Women with MS often report fewer symptoms during pregnancy. But studies exploring whether becoming pregnant or having children affects whether or when someone develops MS have so far been inconclusive. Now, the biggest study yet suggests pregnancy may be linked to a delay in experiencing one of the early signs of MS.
MS and clinically-isolated syndrome (CIS)
The new study, from Australia and the Czech Republic, suggests pregnancy is associated with a 3 year delay to the onset of clinically-isolated syndrome (CIS).
CIS is a first episode of neurological conditions that lasts at least 24 hours. It’s caused by the loss of the myelin coat that surround nerves. It is often the first stage in a diagnosis of MS, but some people never go on to experience further symptoms or develop MS.
What happened in the study?
The researchers analysed data from 2557 women who were all signed up to MS Base – a large database with information from people with MS and MS clinics. All the women in this study had MS and had previously been diagnosed with CIS. The researchers then looked back at when they developed CIS and whether they had ever been pregnant.
They found women who had been pregnant were diagnosed with CIS, on average, just over three years later than women who had never been pregnant. The researchers didn’t find a link between the number of times women had been pregnant and the time of CIS onset.
What does this mean for people with MS who are thinking about having children?
MS affects over 130,000 of us in the UK, with women ‘of reproductive age’ almost three times more likely to be diagnosed. So there are often lots of questions around family planning.
The authors are clear they aren’t claiming that being pregnant actually causes a delay in the onset of CIS. The study shows only an association between the two.

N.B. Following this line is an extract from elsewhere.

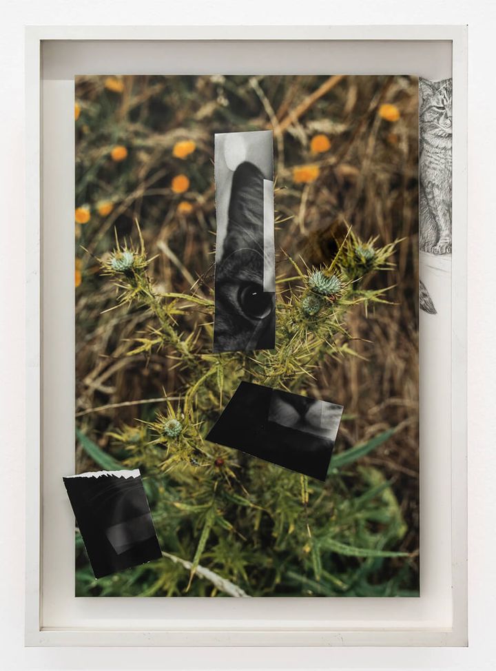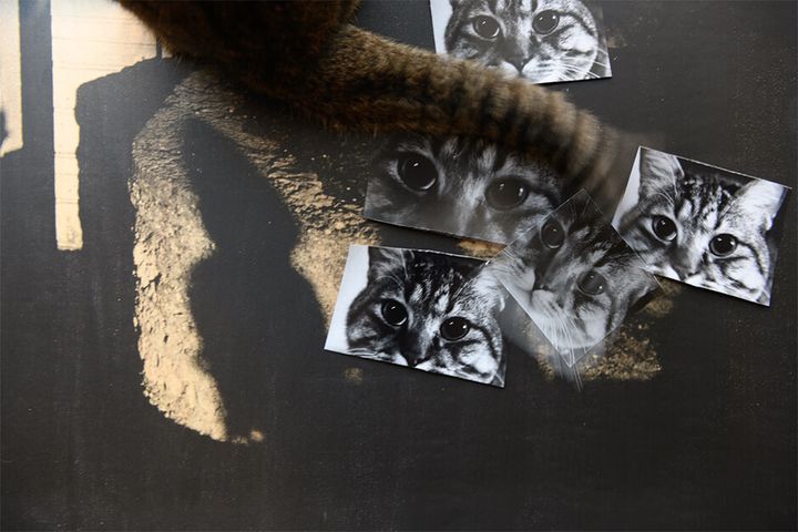 同ギャラリーにおいて2020年以来3回目の個展となる今展では、愛猫・愛犬を捉えた新作のモノクロームプリントや彫刻をはじめ、これまでに発表してきた作品に手焼きプリントのコラージュや鉛筆のドローイングを加えて再構成して新たな作品として展示。

What’s more, the study looked at the link between pregnancy and onset of CIS, not MS itself. The researchers specifically chose to look at CIS so they could be more confident that the onset of symptoms was linked to pregnancy and not to other factors. For example we know that some people may change their behaviour after being diagnosed with CIS, for example by starting to take a DMT.

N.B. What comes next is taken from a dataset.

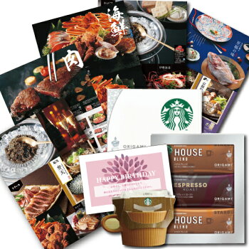 ●お届け日が「仏滅」にあたる場合がございます。「仏滅」を避けてお届けをご希望の場合には、お届け日をご指定いただくか、備考欄へご指示をお願いいたします。 ●当店では請求書や納品書など、金額の分かる伝票はお品物に同梱しておりません。何卒ご安心下さい。 ●お届け先ご住所の入力間違いや、お届け先様長期ご不在等の理由で、お品物をお届けできず、運送会社での保管期間を過ぎた場合は、お品物はご注文者様へ自動転送となります。 ●宛先不明などにより商品を転送する場合、別途送料が発生いたします。 ●大量注文の場合は即日出荷対応が出来ない場合がございます。予めご了承ください。 ●沖縄、離島、海外へのお届けは、しておりません。 【商品について】 ●この商品は、カタログギフトにギフト商品をプラスした、2品1セットのギフトセットです。 [カタログギフト] ●体験ギフト・雑貨・グルメが選べるカタログギフトです。画像はイメージです。 ●有効期限は出荷日から6ヵ月となります。 ●カタログギフトの掲載商品は、リニューアルや欠品により改廃を行っています。 ●イメージ画像にある商品が、変更になっている場合がございます。 ●体験商品は、ご利用頂けない地域や、繁忙期などの除外日がございます。 ●お目当ての商品がございましたら事前にお問い合わせ下さい。 ●カタログ掲載商品の海外へのお届けはしておりません。[スターバックス ドリップ コーヒー] 一杯分の美味しさを味わえるドリップタイプのスターバックスコーヒーです。●商品内容:スターバックスオリガミパーソナルドリップコーヒーハウスブレンド(9g×3)、スターバックスオリガミパーソナルドリップコーヒーカフェベロナ(9g×2)●箱サイズ(cm):26.2×13.2×3.6●宅配時の状態:常温●賞味期間:300日(在庫期間・発送日を含む)※スターバックスコーヒーは旧パッケージで出荷される場合がございます。あらかじめご了承下さい。 ◇◆ 価格から商品を探すにはこちら ◇◆ =================== ¥3,000までの商品 =================== ¥3,000から¥5,000の商品 =================== ¥5,000から¥10,000の商品 =================== ¥10,000以上の商品 =================== [アイプレゼンツのギフト販売用途一覧] 友人の結婚祝い/両親へのお礼/結婚引出物/親戚への結婚内祝い、出産祝い/出産内祝い/新築祝い/母の日/父の日/敬老の日お中元/成人祝い/合格祝い/就職祝い/栄転祝い/誕生日プレゼント/開店祝い/昇進祝い/退職祝い/長寿のお祝い/お見舞い/退院祝い/回復祝い/復帰祝い/退官祝い/送別会/贈答品/定年退職 /賀寿/両親/父親/母親/祖母/祖父への長寿のお祝い ●こちらの商品には、運賃、メッセージカード、のし、ラッピング、梱包資材、運送事故紛失補償などが含まれたパッケージ価格となっております。 ●ご注文のタイミングにより、注文確定後に在庫切れとなる場合がございます。予めご了承下さい。 ●商品リニューアルに伴いパッケージの改訂に加え内容量等の変更が生じる場合がございます。

MS is different for everyone. And women with and without MS choose not to become pregnant for many reasons.
New avenues for MS treatments
Dr Emma Gray, our Assistant Director of Research, says: “The reasons for pregnancy’s positive effect are not fully understood, but it’s thought the answer lies in our immune system – which misbehaves in MS, but is dampened during pregnancy.

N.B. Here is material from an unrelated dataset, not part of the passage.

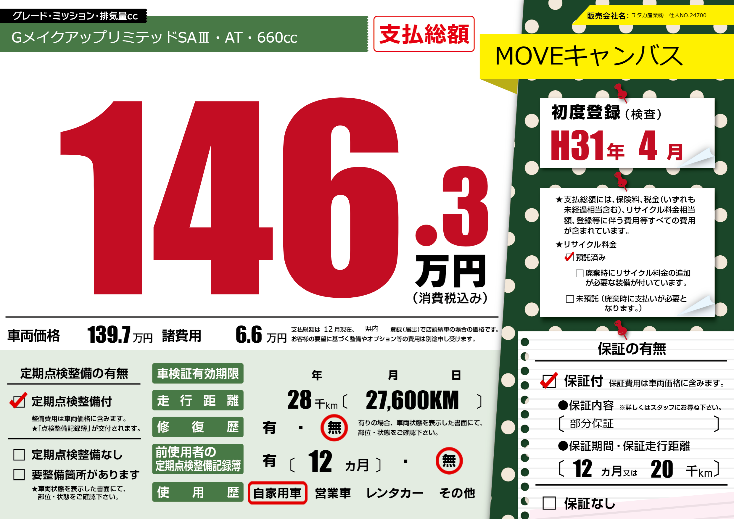 | 走行キロ | 2.8万km | 初年度登録 | H31年4月 |

“We want to slow, stop and eventually prevent MS, and these findings could help us with that goal. If we can figure out the mechanisms underlying this apparent protective effect of pregnancy, it could lead to new avenues for treatment.”
More research is needed
We don’t fully understand why pregnancy seems to play a protective role in MS but researchers think it could be to do with the hormones oestrogen and progesterone. During pregnancy, the levels of these hormones change dramatically, which may impact the immune system.
We now need further research to understand the link between MS, pregnancy and hormone levels. Large registry studies involving data from thousands of people with MS – like MS Base and the UK’s MS Register – are one way to help us build this picture.